Doug Hanson, a VP at Charles Schwab and head of the company’s third-party mutual fund platforms, said in an interview that lowering minimums just makes sense. “Observing trends in the mutual fund space,” whether in Schwab’s RIA business or in retirement accounts, “the concept of investment minimums were eroding.” Schwab’s own proprietary funds “have had a minimum investment of $100 for some time,” Hanson said.

Hanson pointed out that in the RIA space, mutual fund companies are highly amenable to lowering or waiving minimum initial or subsequent investments in advisor-class shares.

Hanson said “the burden for serving” clients using these lower minimums primarily “falls on us at Schwab,” and that the OneSource “platform economics makes it possible for us” to lower the minimums. So will there be any economic impact on the fund companies whose offerings live on the platform? “The only place where there might be an effect on funds,” Hanson said, would be that the fund companies might face higher costs for communicating with more investors in their funds, such as sending them prospectuses, though with the popularity of electronic document delivery such an effect might be minimal at worst. 

At the Schwab Impact conference last week in Boston, Schwab CEO Walt Bettinger said that the Schwab Institutional Intelligent Portfolio (IIP) digital advice platform, which currently uses only ETFs, might be expanded. “We can take that engine,” Bettinger said in the opening general session, referring to IIP, “so you can trade mutual funds in that portfolio, even individual securities.”

Referring to Monday’s announcement, Hanson said there is “no connection with Schwab Intelligent Portfolios,” and said he is “pretty confident that if it comes to the point” where mutual funds are available on the IIP platform, “it would be as a managed offering,” which would mean the mutual fund companies would “waive the minimums” for advisor clients.

OneSource was launched in 1992 by Schwab with eight mutual fund companies offering more than 80 funds; it now offers access to over 500 fund families and 4,700 no-load, no-transaction fee mutual funds. OneSource grew out of Schwab’s Mutual Fund Marketplace, which was launched in 1984 just as the independent advisor movement was taking off; it offered both no-load and load funds with transaction fees.

In the statement announcing the lower minimums, Schwab said mutual funds account for 43% of the total assets at Schwab, and 42% of Schwab retail households are invested in mutual funds. Since investors have been flocking to passive investing vehicles in the form of index mutual funds or ETFs, Hanson said that Schwab’s decision to lower minimums on OneSource’s mostly actively managed mutual funds does make the OneSource offerings “a little more competitive.”

In its latest activity report for the month ended Oct. 30, Schwab reported total client assets of $2.54 trillion, up 4% from October 2014 and up 5% from September 2015, with net new assets in the month of $10.5 billion.
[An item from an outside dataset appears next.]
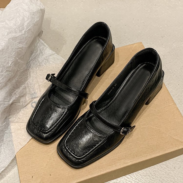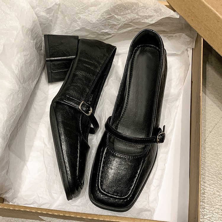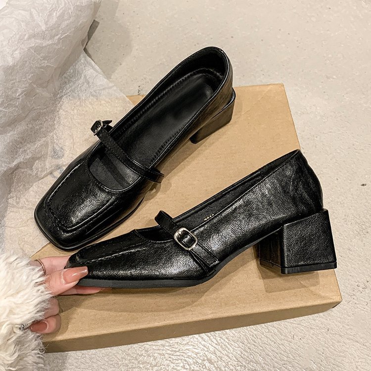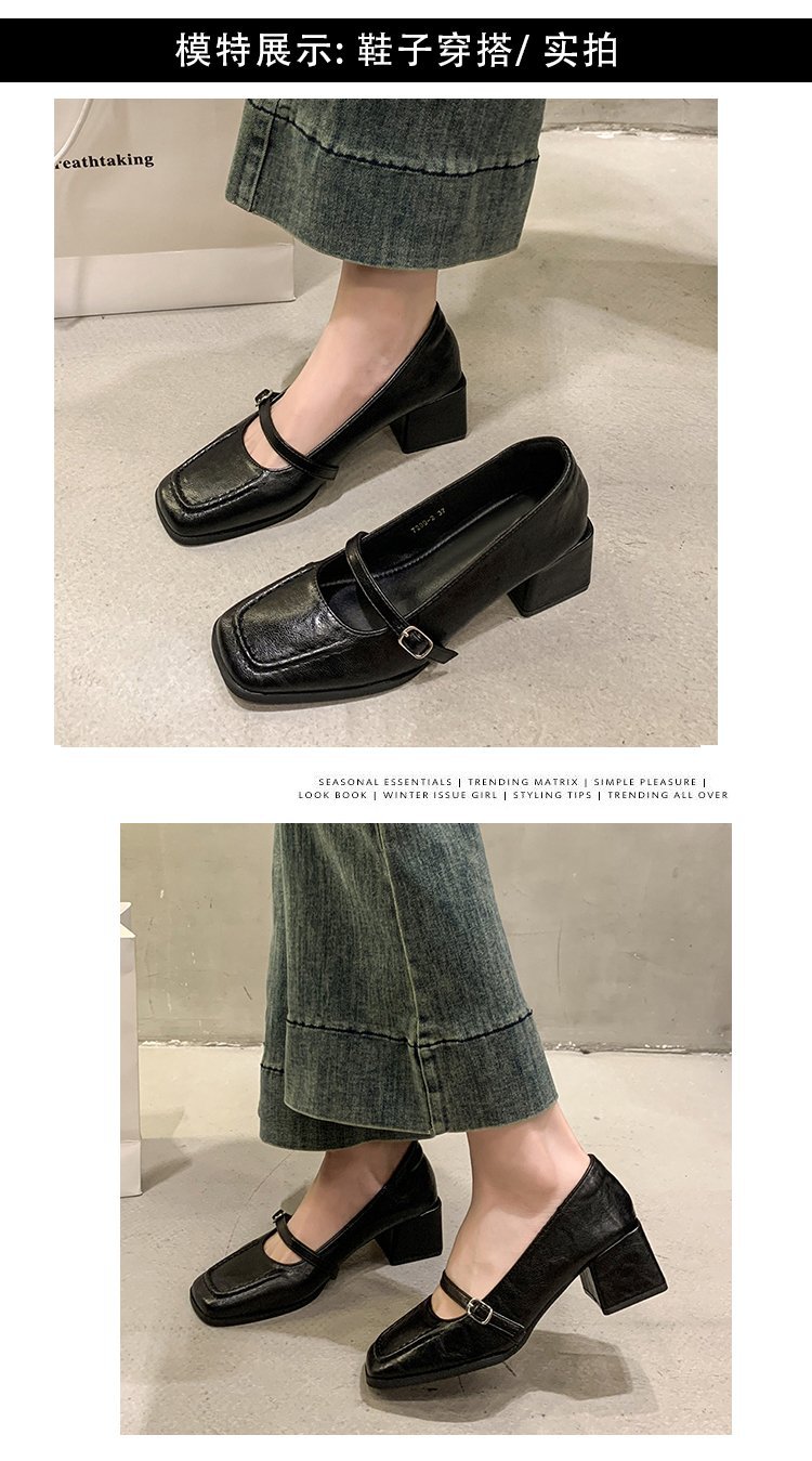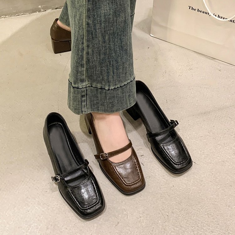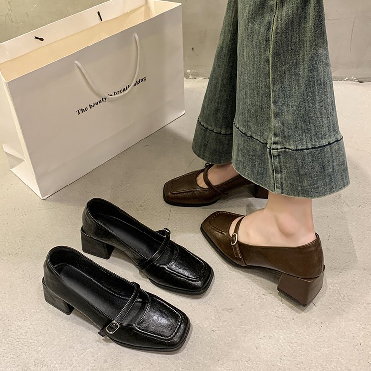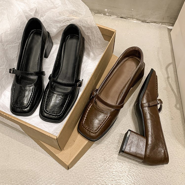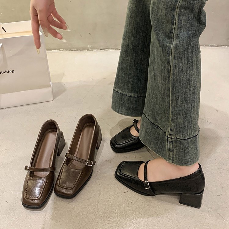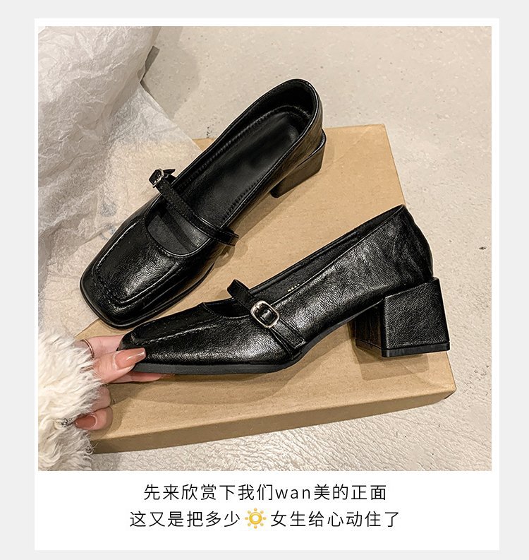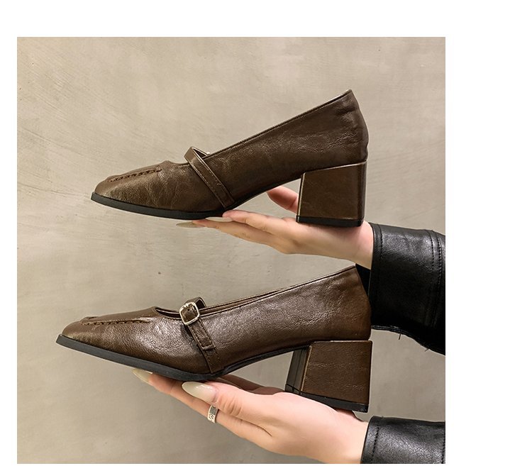 레트로 스퀘어 토 하이힐, 여성용 펌프스 슈즈, 봄 가을 신상 프렌치 스타일 이브닝 스타일 두꺼운 굽 메리제인 작은 가죽 신발스토어 가기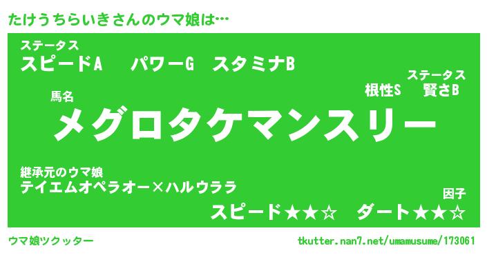 | 2回繰り返すあだ名 | 『たけたけ』『たたけけ』『うねうね』 |

In its most recent quarterly results, Schwab said its overall client assets of $2.4 trillion were flat compared to the third quarter of 2014. About $1.3 trillion is held by clients in retail accounts at Schwab Investor Services, with $1.1 trillion held in accounts at its RIA custodial division, Schwab Advisor Services.

Total client assets in Schwab Intelligent Portfolios, the company’s robo-advisor service, rose by $1.1 billion from Q2 to $4.1 billion as of Sept. 30. The company launched the retail version of its all-ETF digital advice platform in March 2015; the RIA version, Schwab Institutional Intelligent Portfolios, was launched in June of this year.